* _Task objective_: Write back every line of the listing exactly, excluding images.

━━ Dataset section ━━

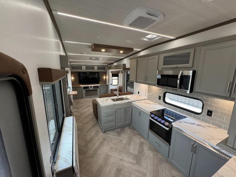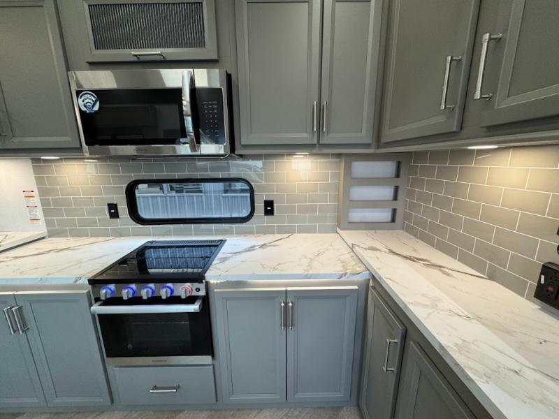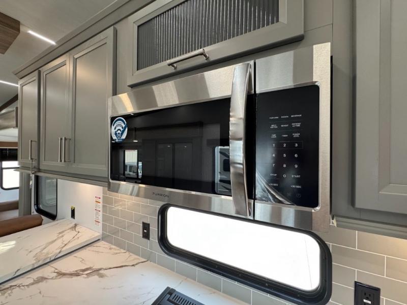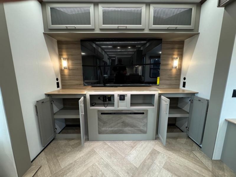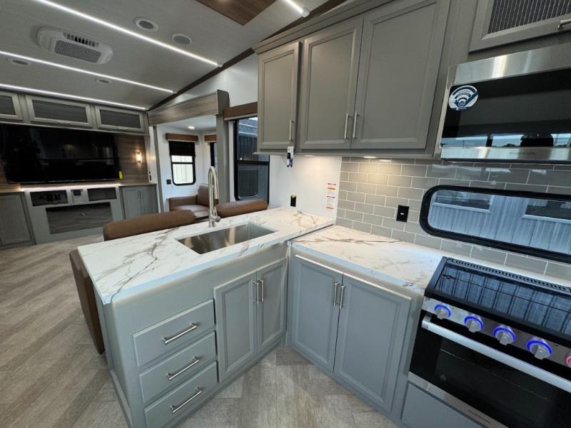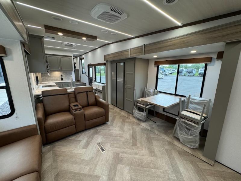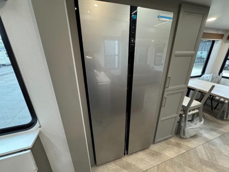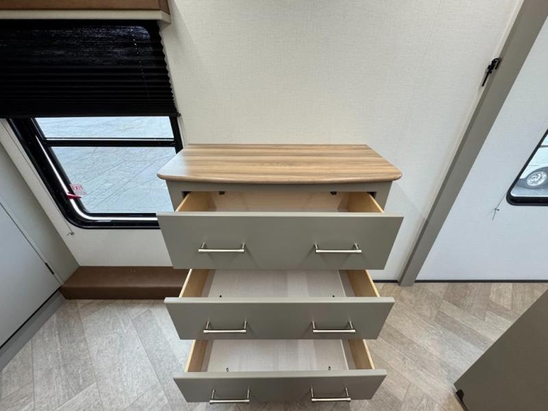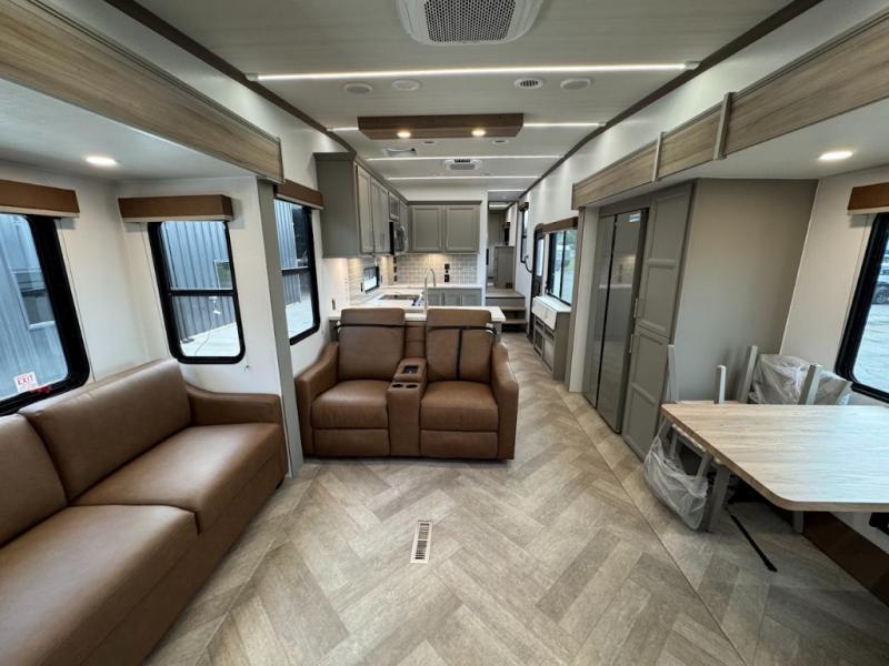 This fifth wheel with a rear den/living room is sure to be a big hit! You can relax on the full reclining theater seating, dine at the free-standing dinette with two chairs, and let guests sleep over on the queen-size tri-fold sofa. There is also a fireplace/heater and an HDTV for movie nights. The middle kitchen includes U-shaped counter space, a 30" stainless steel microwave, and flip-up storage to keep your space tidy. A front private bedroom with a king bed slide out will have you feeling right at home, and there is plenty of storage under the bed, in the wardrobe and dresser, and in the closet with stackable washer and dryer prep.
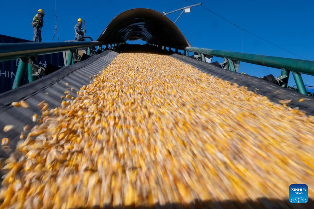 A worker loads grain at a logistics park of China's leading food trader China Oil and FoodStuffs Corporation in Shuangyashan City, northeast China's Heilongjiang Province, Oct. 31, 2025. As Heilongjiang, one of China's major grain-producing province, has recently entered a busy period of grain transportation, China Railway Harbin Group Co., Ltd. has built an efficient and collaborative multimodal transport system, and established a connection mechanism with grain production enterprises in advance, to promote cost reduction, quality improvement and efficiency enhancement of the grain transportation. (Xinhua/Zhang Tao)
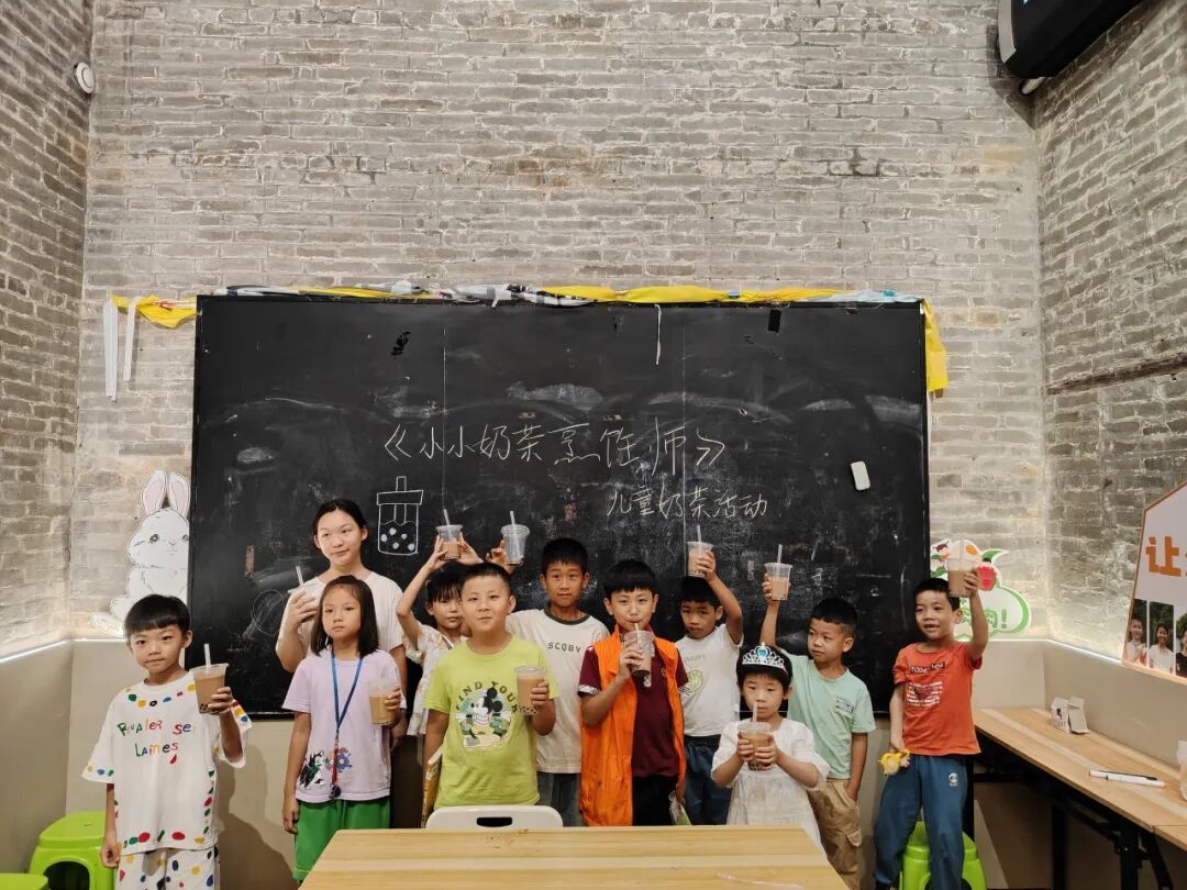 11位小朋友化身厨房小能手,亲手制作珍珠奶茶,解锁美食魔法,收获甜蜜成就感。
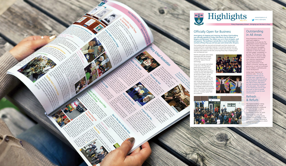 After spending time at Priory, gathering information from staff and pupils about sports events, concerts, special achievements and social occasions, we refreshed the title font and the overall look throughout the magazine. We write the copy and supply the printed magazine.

━━━

* _Output below_:
 This fifth wheel with a rear den/living room is sure to be a big hit! You can relax on the full reclining theater seating, dine at the free-standing dinette with two chairs, and let guests sleep over on the queen-size tri-fold sofa. There is also a fireplace/heater and an HDTV for movie nights. The middle kitchen includes U-shaped counter space, a 30" stainless steel microwave, and flip-up storage to keep your space tidy. A front private bedroom with a king bed slide out will have you feeling right at home, and there is plenty of storage under the bed, in the wardrobe and dresser, and in the closet with stackable washer and dryer prep.
 A worker loads grain at a logistics park of China's leading food trader China Oil and FoodStuffs Corporation in Shuangyashan City, northeast China's Heilongjiang Province, Oct. 31, 2025. As Heilongjiang, one of China's major grain-producing province, has recently entered a busy period of grain transportation, China Railway Harbin Group Co., Ltd. has built an efficient and collaborative multimodal transport system, and established a connection mechanism with grain production enterprises in advance, to promote cost reduction, quality improvement and efficiency enhancement of the grain transportation. (Xinhua/Zhang Tao)
 11位小朋友化身厨房小能手,亲手制作珍珠奶茶,解锁美食魔法,收获甜蜜成就感。
 After spending time at Priory, gathering information from staff and pupils about sports events, concerts, special achievements and social occasions, we refreshed the title font and the overall look throughout the magazine. We write the copy and supply the printed magazine.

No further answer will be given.